What Is Noisette Blvd Harboring Now

Exit the former Navy base, recently erected Riverfront Park – turn right onto N. Hobson Ave following the sharp left curve, then immediately yield right onto Noisette Blvd. Rapidly approach the set speed limit of 30 mph, You will near the road laden train tracks and cross a trendy fishing bridge. But just before you make the final jagged left curve headed toward Virginia Ave., be sure to look on the left hand side and you will surely see what appears to be a wooden tunnel from Maryland turnpike or perhaps some strange wooden garden green house. Across the enclosed fence you’ll note some strange almost village lettering, losttrades.com. Curious? I was! So naturally I went to the website. At first I was like - what does an odd shaped wooden doohickey have to do with film making? “Lost Trades is a collection of adventure based individuals with common goals: to bring about positive social and environmental change by building examples of human creativity, expeditioning to places of extreme beauty and documenting these voyages on film.” I began to explore some more and learned that Lost Trades is based on three Brothers from Woodstock, Vermont where the Brothers grew up in the mountains of New England. Somehow with only craftsmanship in their blood, a dream, and determination they came to Charleston, SC. July 2, 1999 on the Stono River, apparently on the old “Burnt Oak Plantation”; 9,000 hours invested - the three Brothers manual built ALLURA. A 50 ft. catamaran, 16,000 lbs. comprised of Okume Mahogany plywood and Douglas Fir, needing only 4 ft. of water when sailing. Certified for 77 passengers, the Brothers sailed the ALLURA to the Caribbean and started a day charter business.

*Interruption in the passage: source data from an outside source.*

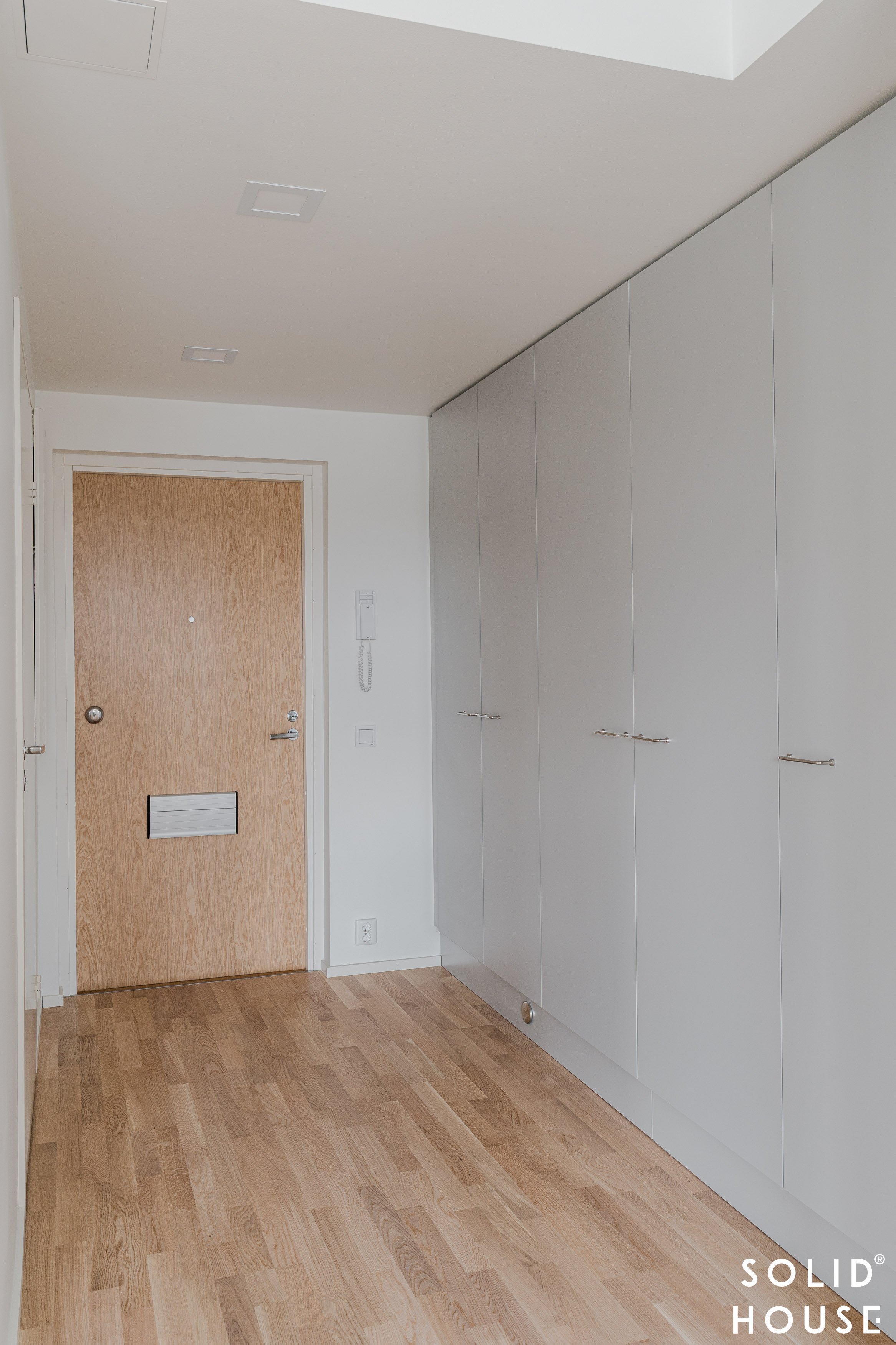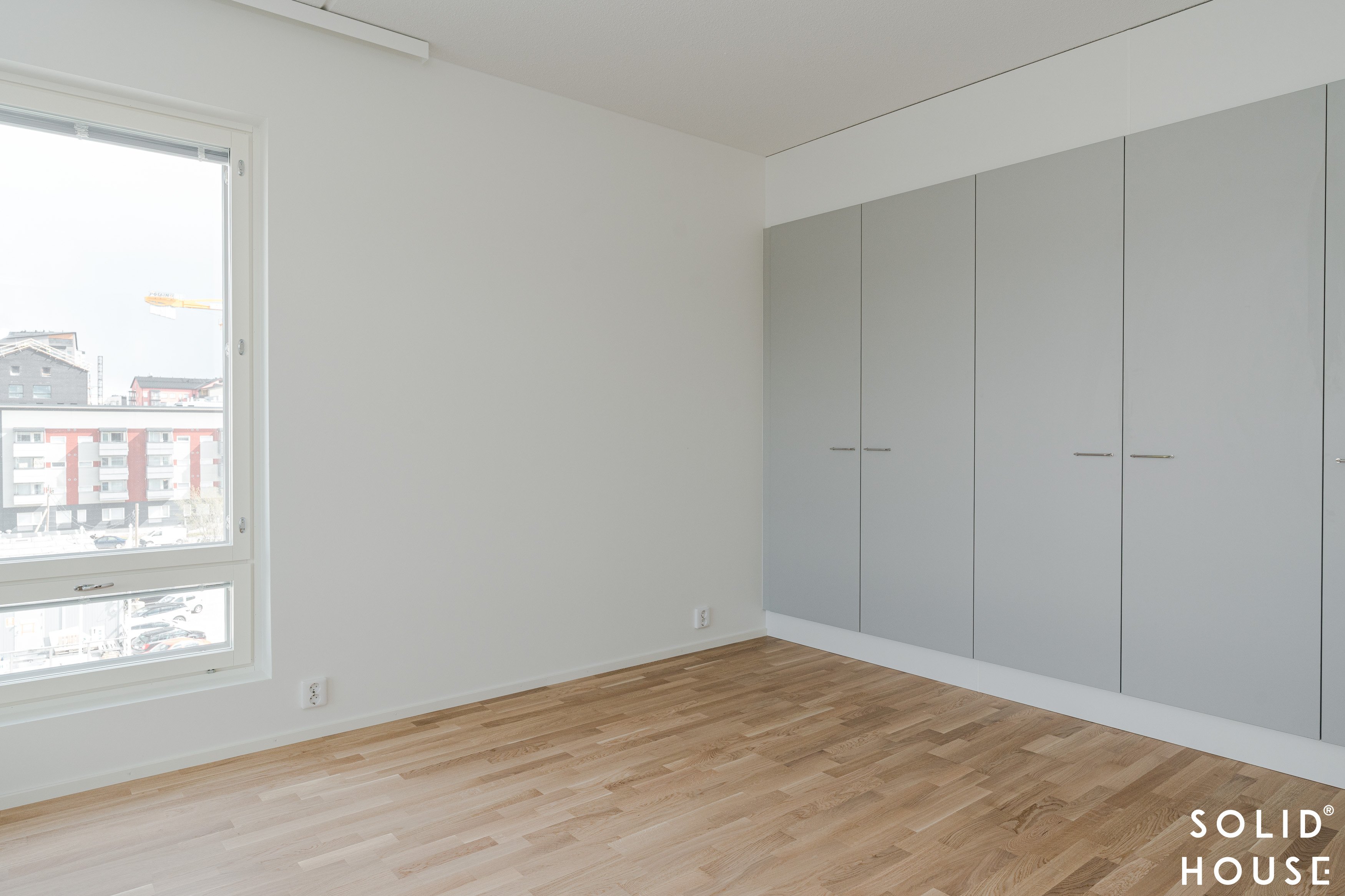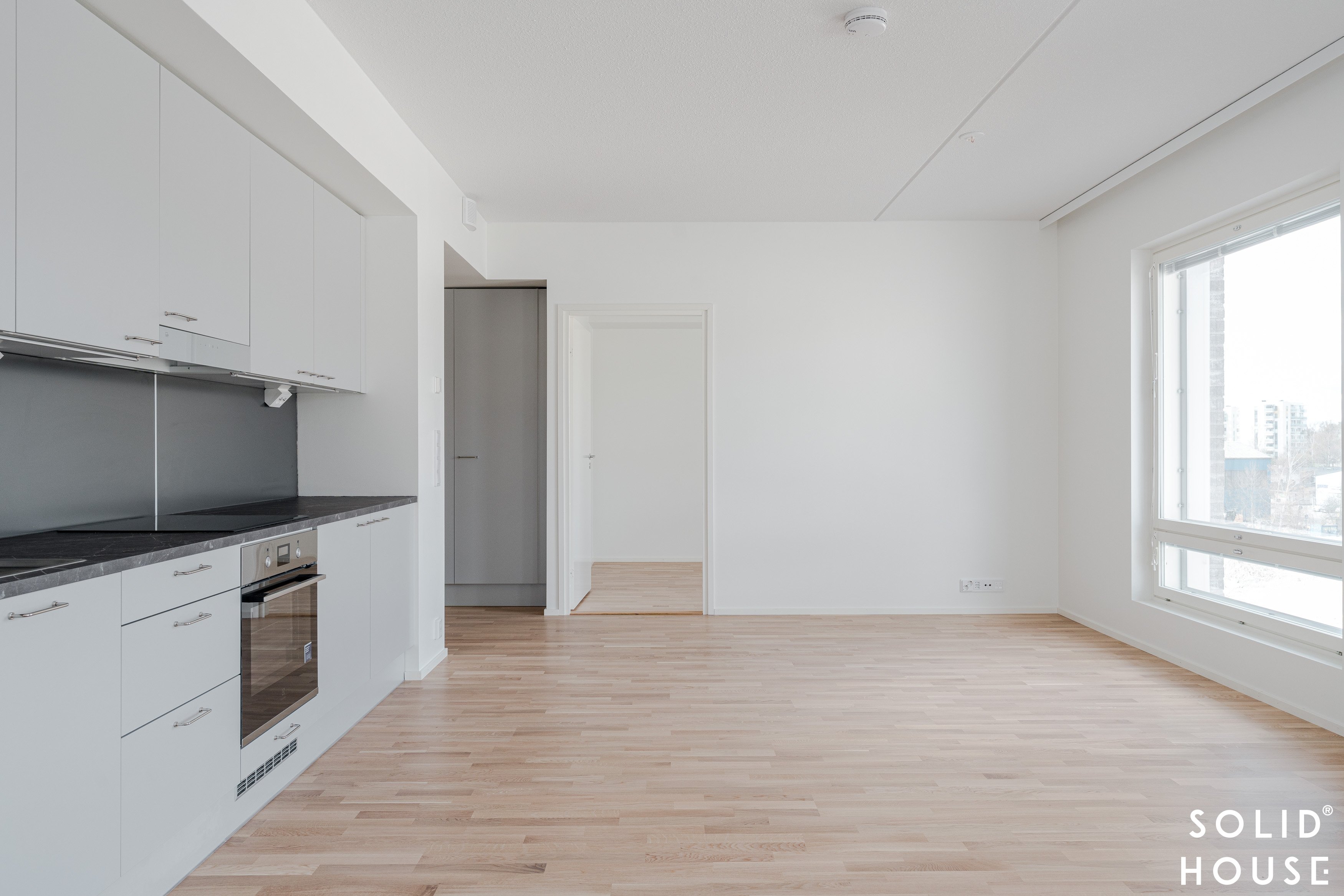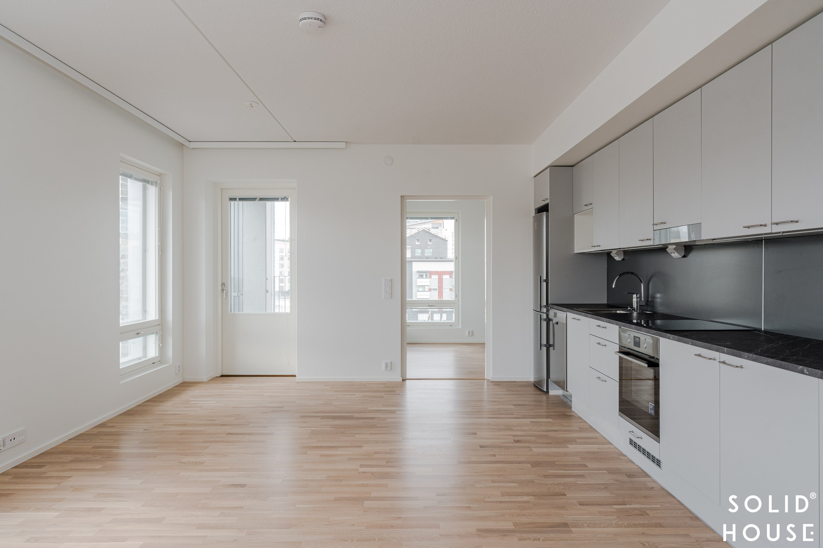 Tämän viidennen kerroksen (5/8 krs) kulmahuoneisto hurmaa harmonisella värimaailmallaan, jossa moderni ja klassinen kohtaavat tyylikkäästi. Seinät on maalattu raikkaan valkoisiksi, ja lattiat ovat ajattoman kaunista tammilautaparkettia. Kodin ilmettä täydentävät eteisen tyylikkäät harmaat kaapistot sekä ryhdikäs, mutta pehmeän sävyinen harmaa keittiö, joka luo rauhallisen ja elegantin tunnelman. Keittiö, olohuone ja ruokailutila muodostavat avaran ja yhtenäisen kokonaisuuden, jossa valo pääsee virtaamaan kauniisti. Tilavia makuuhuoneita on kaksi, ja oma sauna tuo arkeen ripauksen luksusta. Vesikiertoinen lattialämmitys takaa miellyttävän tasaisen lämmön koko kodissa – ilman häiritseviä pattereita, jotta esteettinen ilme säilyy.
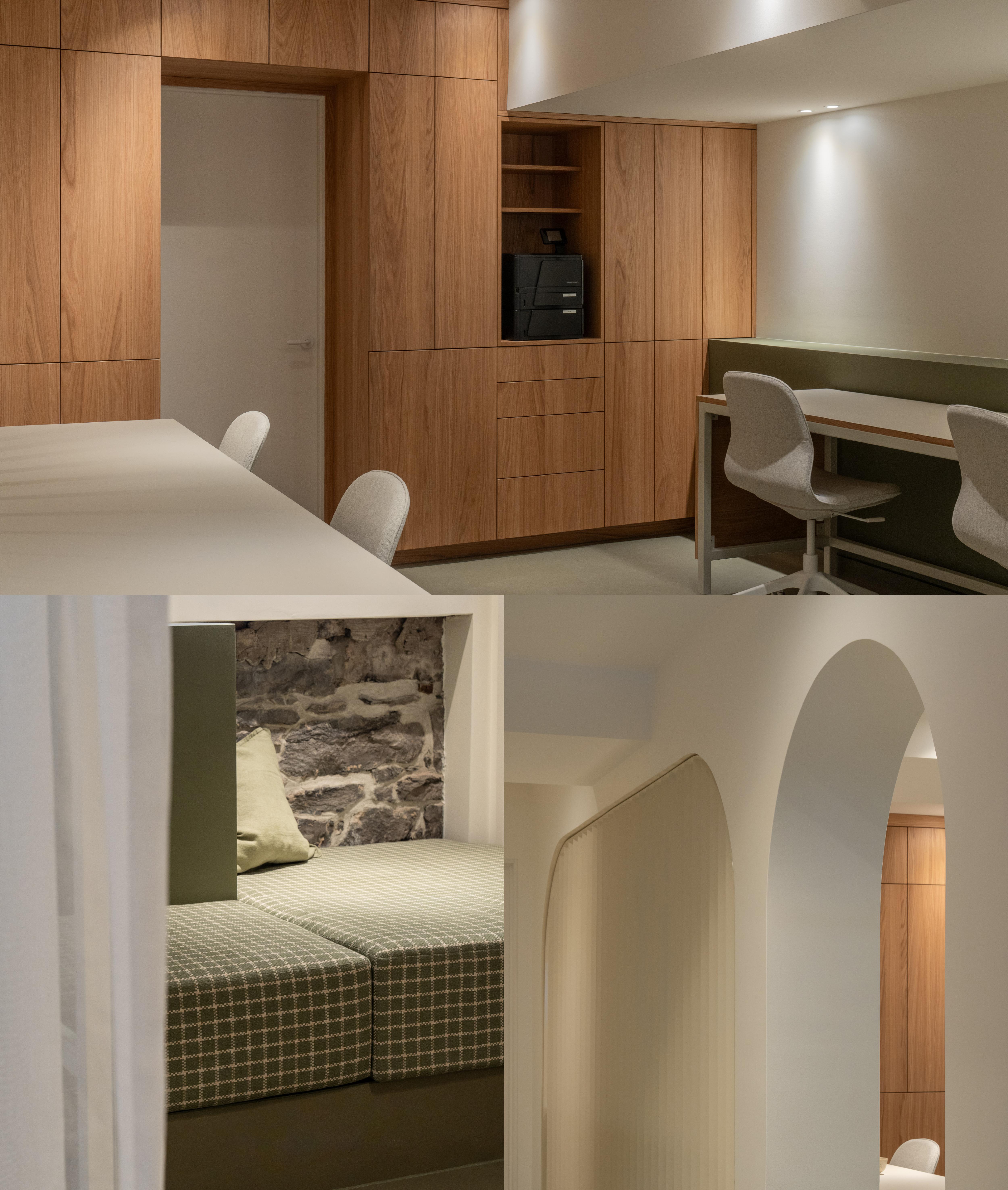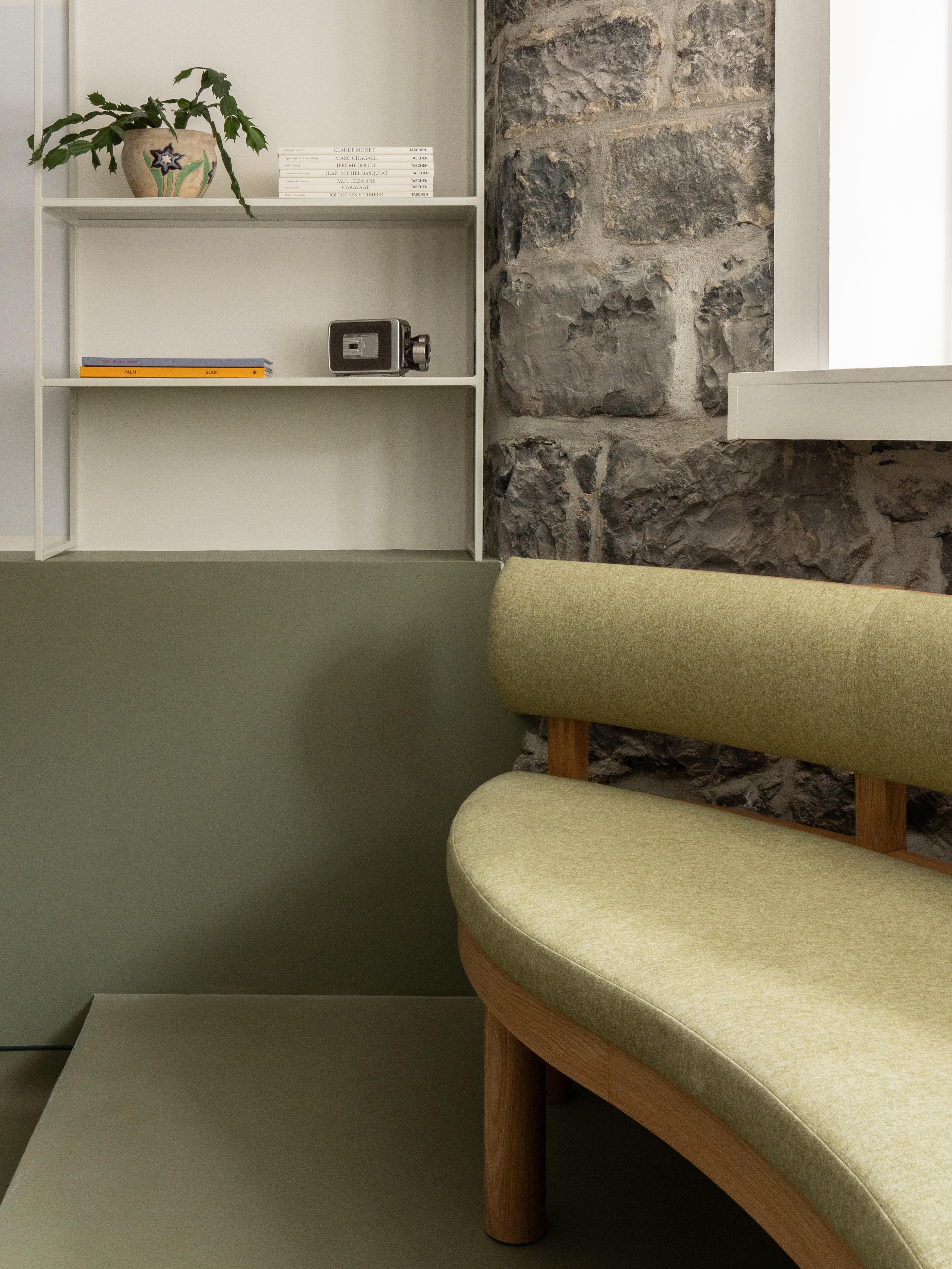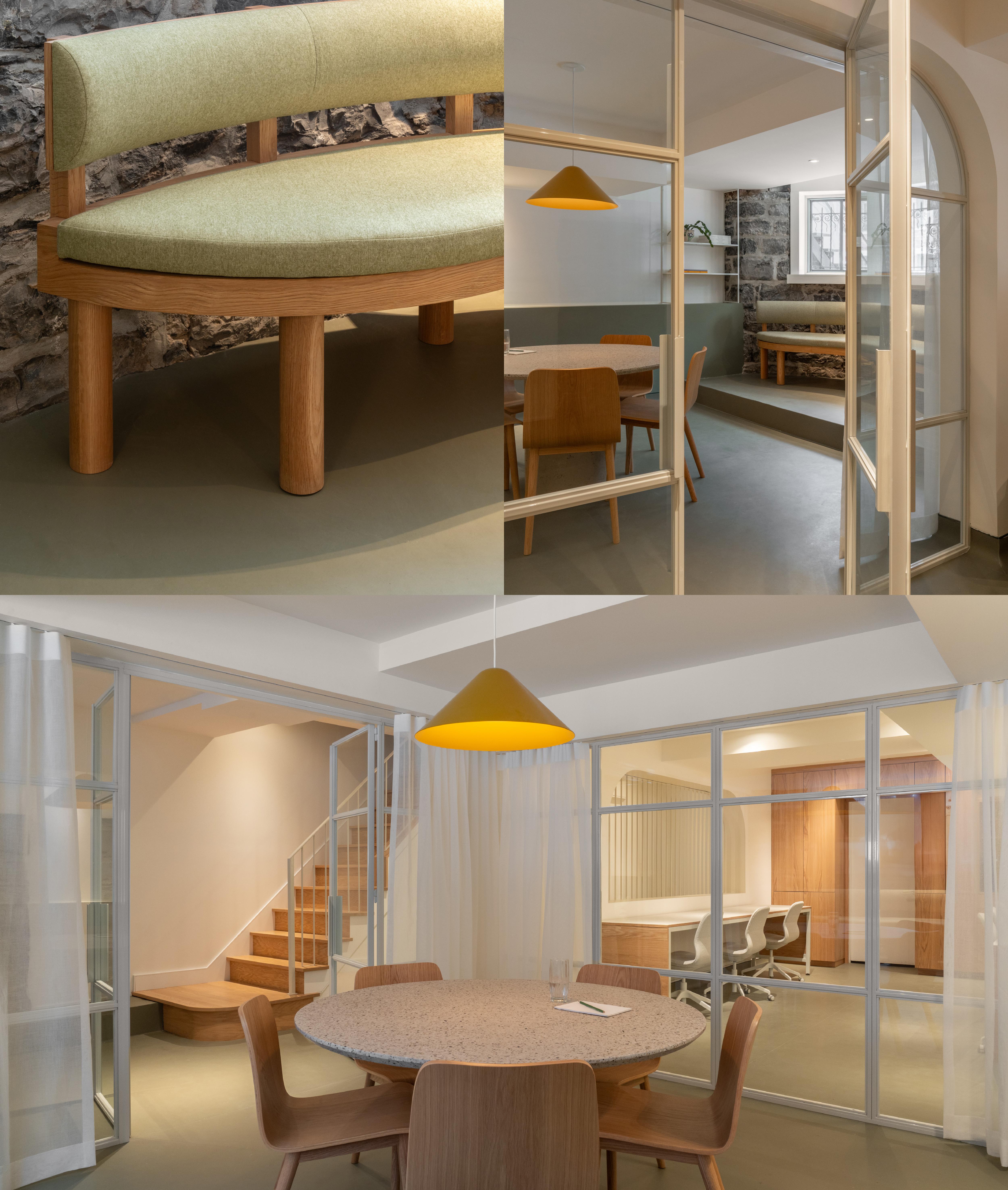 La banquette sous la fenêtre introduit une note décontractée dans la salle de réunion.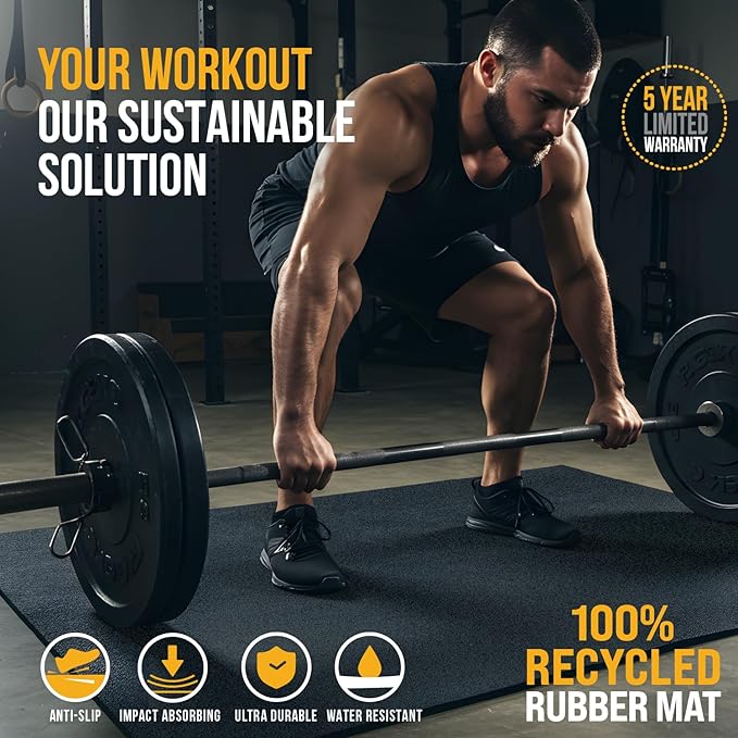 - โ 100% RECYCLED RUBBER: Made from recycled rubber tires, our non-vulcanized exercise mat minimizes environmental impact while offering a sustainable flooring solution. The material ensures exceptional durability, providing a long-lasting solution for your home gym flooring needs. Made in North America for over 30 years, this mat is a testament to our commitment to high quality and sustainable practices.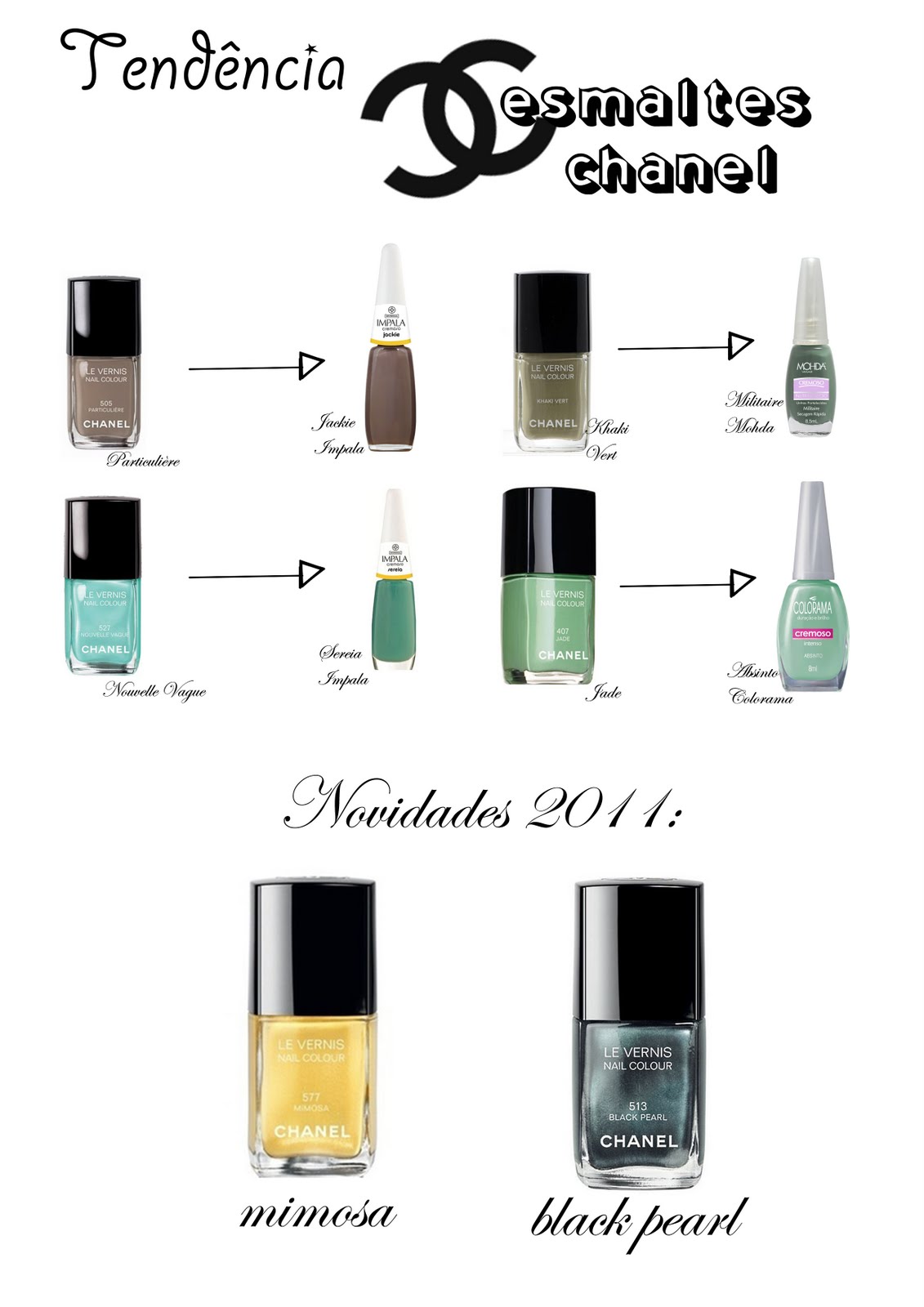 Inúmeras marcas lançaram cores parecidas com os queridinhos das endinheiradas, e com as cores de 2011 com certeza não será diferente. Vem chegando o Mimosa e o Black Pearl, duas cores que já se ouve falar muito.

Today, on Noisette Blvd. here in Charleston, SC is part of their GREENHORN BOAT SHOP. It is their MOBILE BOAT SHOP that they are able to pack up the entire warehouse and relocate to other 'port cities and coastal areas around the world.' Hence, the odd shaped tunnel is merely a 'giant tent with removable metal poles and a large tarp cover'. At the Navy Base Revitalization Project on Noisette Blvd, Lost Trades is building a 55 ft. Searunner wooden catamaran. Lost Trades also have an interest in Viking ships, canoes, kayaks, and rowing vessels. They offer apprenticeship and international exchange programs. “We build the highest quality sailing catamarans in the world, with the lowest low-tech tools. A few circular saws, jigsaws, sanders, and drills are all we need to create the ultimate sailing machine out of wood.” The website Lost Trades is a must read for more information on their history, expeditions, films, how to apply for apprenticeship… Meanwhile’ I am continuing to enjoy my rides to and fro work, noting the oblong progress on the craftsmanship. Wondering what their research has found for the 'renewable material for use in marine grade plywood' such as 'Airheart' vs the tropical hardwood. So Readers, be sure to take a look at the progress next time you are in the area! BTW: With as much rain water as Noisette Blvd tends to harbor after every down pour, Lost Trades might want to get started on those canoes!

1 Comments With Humanity:

Pam said...

What a beautiful catamaran! I hadn't heard about them before, and have a weakness for wooden boats of any kind - thanks for bringing this to everyone's attention.